Ranking and paraphrase identification

This library model solves the tasks of ranking and paraphrase identification based on semantic similarity which is trained with siamese neural networks. The trained network can retrieve the response closest semantically to a given context from some database or answer whether two sentences are paraphrases or not. It is possible to build automatic semantic FAQ systems with such neural architectures.

Training and inference models on predifined datasets

BERT Ranking

Before using models make sure that all required packages are installed running the command:

python -m deeppavlov install ranking_ubuntu_v2_bert_uncased
python -m deeppavlov install ranking_ubuntu_v2_bert_sep
python -m deeppavlov install ranking_ubuntu_v2_bert_sep_interact

To train the interaction-based (accurate, slow) model on the Ubuntu V2 from command line:

python -m deeppavlov train ranking_ubuntu_v2_bert_uncased [-d]

To train the representation-based (accurate, fast) model on the Ubuntu V2 from command line:

python -m deeppavlov train ranking_ubuntu_v2_bert_sep [-d]

Further the trained representation-based model can be run for inference over the provided response base (~500K in our case) from command line:

python -m deeppavlov interact ranking_ubuntu_v2_bert_sep_interact [-d]

Statistics on the models quality are available here.

Building your own response base for bert ranking

For the BERT-based models we have the following mechanism of building your own response base. If you run python -m deeppavlov download ranking_ubuntu_v2_bert_sep_interact in console the model with the existing base will be downloaded. If you look in the folder where the model with the base is located you will find four files: contexts.csv, responses.csv, cont_vecs.npy, resp_vecs.npy. These are possible responses with their corresponding contexts (.csv files) and their vector representations (.npy files) indexed using the model. Contexts for responses are used as additional features in some modes of the model operation (see the attribute interact_mode in the class BertSepRankerPredictorPreprocessor). If you would like to use your own response base you should remove all four files indicated above and place your own responses.csv file in the folder, and probably contexts.csv file depending on the value of the interact_mode you are planning to use. The format of these files is very simple, namely each line should represent single response (or context). You can use existing files as an example. Numbers of lines in responses.csv and contexts.csv must match exactly. Once you have provided these files, you can run the above command in console. As the system will not find vector representations, it will build them first. You will see the message Building BERT features for the response base... (and probably Building BERT features for the context base...) and then Building BERT vector representations for the response base... (and probably Building BERT vector representations for the context base...). After this is done, you will be able to interact with the system. Next time you will use the model, built vector representations will be loaded.

Ranking

Before using the model make sure that all required packages are installed running the command:

python -m deeppavlov install ranking_insurance

To train the model on the InsuranceQA V1 dataset one can use the following code in python:

from deeppavlov import configs, train_model

rank_model = train_model(configs.ranking.ranking_insurance, download=True)

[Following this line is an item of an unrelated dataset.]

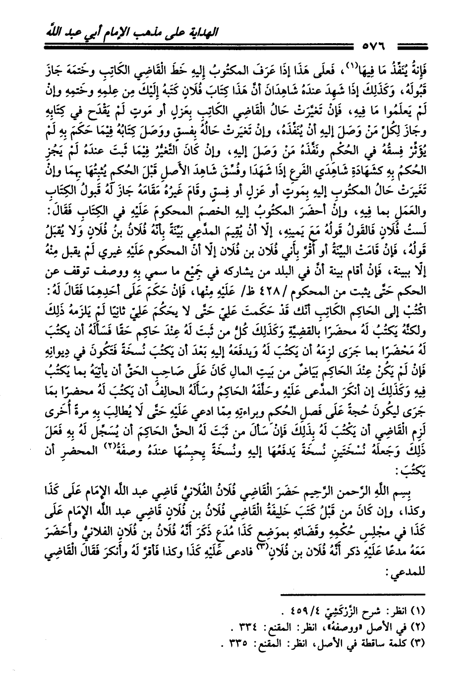 بِسِم اللهِ الرَّحمن الرَّحِيم حَضَرَ الْقَاضِي فُلاَنُ الفُلاَنيُّ قَاضِي عبد الله الإِمَام عَلَى كَذَا وكذا، وإن كَانَ من قَبْلُ كَتَبَ خَلِيفَةُ الْقَاضِي فُلاَنُ بن فُلاَنٍ قَاضِي عبد الله الإِمَامِ عَلَى كَذَا في مجْلِسِ حُكْمِهِ وقَضَائهِ بموَضِعِ كَذَا مُدَعٍ ذَكَرَ أَنَّهُ فُلاَنُ بن فُلاَنٍ الفلانيُّ وأحَضَرَ مَعَهُ مدعاً عَلَيْهِ ذكر أَنَّهُ فُلاَن بن فُلاَنٍ (¬3) فادعى عَلَيْهِ كَذَا وكذا فَأقرَّ لَهُ وأَنكرَ فَقَالَ الْقَاضِي للمدعي:
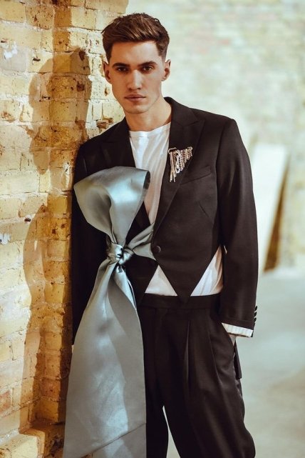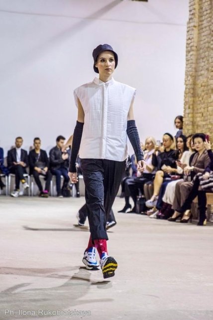 Серж Смолин: «Все ожидали от меня костюмов, но их в линейке всего три. И их я впервые показал на женской фигуре, демонстрируя то, что сейчас уже женщины руководят миром, а мужчины становятся слабее. В этом сезоне я представил мобильность, трансформацию и удобство, которые для меня вышли на первый план. Я взял классическую рубашку, но подал ее как пуховик, а в классическом пальто отрезал рукава и спинку, превратив их в передники».

To train from command line:

python -m deeppavlov train deeppavlov/configs/ranking/ranking_insurance.json [-d]

As an example of configuration file see ranking_insurance.json.

To use Sequential Matching Network (SMN) or Deep Attention Matching Network (DAM) or Deep Attention Matching Network with Universal Sentence Encoder (DAM-USE-T) on the Ubuntu V2 for inference, please run one of the following commands:

python -m deeppavlov interact -d ranking_ubuntu_v2_mt_word2vec_smn
python -m deeppavlov interact -d ranking_ubuntu_v2_mt_word2vec_dam
python -m deeppavlov interact -d ranking_ubuntu_v2_mt_word2vec_dam_transformer

Now a user can enter a dialog consists of 10 context sentences and several (>=1) candidate response sentences separated by ‘&’ and then get the probability that the response is proper continuation of the dialog:

:: & & & & & & & & bonhoeffer  whar drives do you want to mount what &  i have an ext3 usb drive  & look with fdisk -l & hello there & fdisk is all you need
>> [0.9776373  0.05753616 0.9642599 ]

To train the models on the Ubuntu V2 dataset please run one of the following commands:

python -m deeppavlov train -d ranking_ubuntu_v2_mt_word2vec_smn
python -m deeppavlov train -d ranking_ubuntu_v2_mt_word2vec_dam
python -m deeppavlov train -d ranking_ubuntu_v2_mt_word2vec_dam_transformer

As an example of configuration file see ranking_ubuntu_v2_mt_word2vec_smn.json.

To use the model trained on the InsuranceQA V1 dataset for inference one can use the following code in python:

from deeppavlov import build_model, configs

rank_model = build_model(configs.ranking.ranking_insurance_interact, download=True)
rank_model(['how much to pay for auto insurance?'])

>>> ['the cost of auto insurance be based on several factor include your driving record , claim history , type of vehicle , credit score where you live and how far you travel to and from work I will recommend work with an independent agent who can shop several company find the good policy for you', 'there be not any absolute answer to this question rate for auto insurance coverage can vary greatly from carrier to carrier and from area to area contact local agent in your area find out about coverage availablity and pricing within your area look for an agent that you be comfortable working with as they will be the first last point of contact in most instance', 'the cost of auto insurance coverage for any vehicle or driver can vary greatly thing that effect your auto insurance rate be geographical location , vehicle , age (s) of driver (s) , type of coverage desire , motor vehicle record of all driver , credit rating of all driver and more contact a local agent get a quote a quote cost nothing but will let you know where your rate will']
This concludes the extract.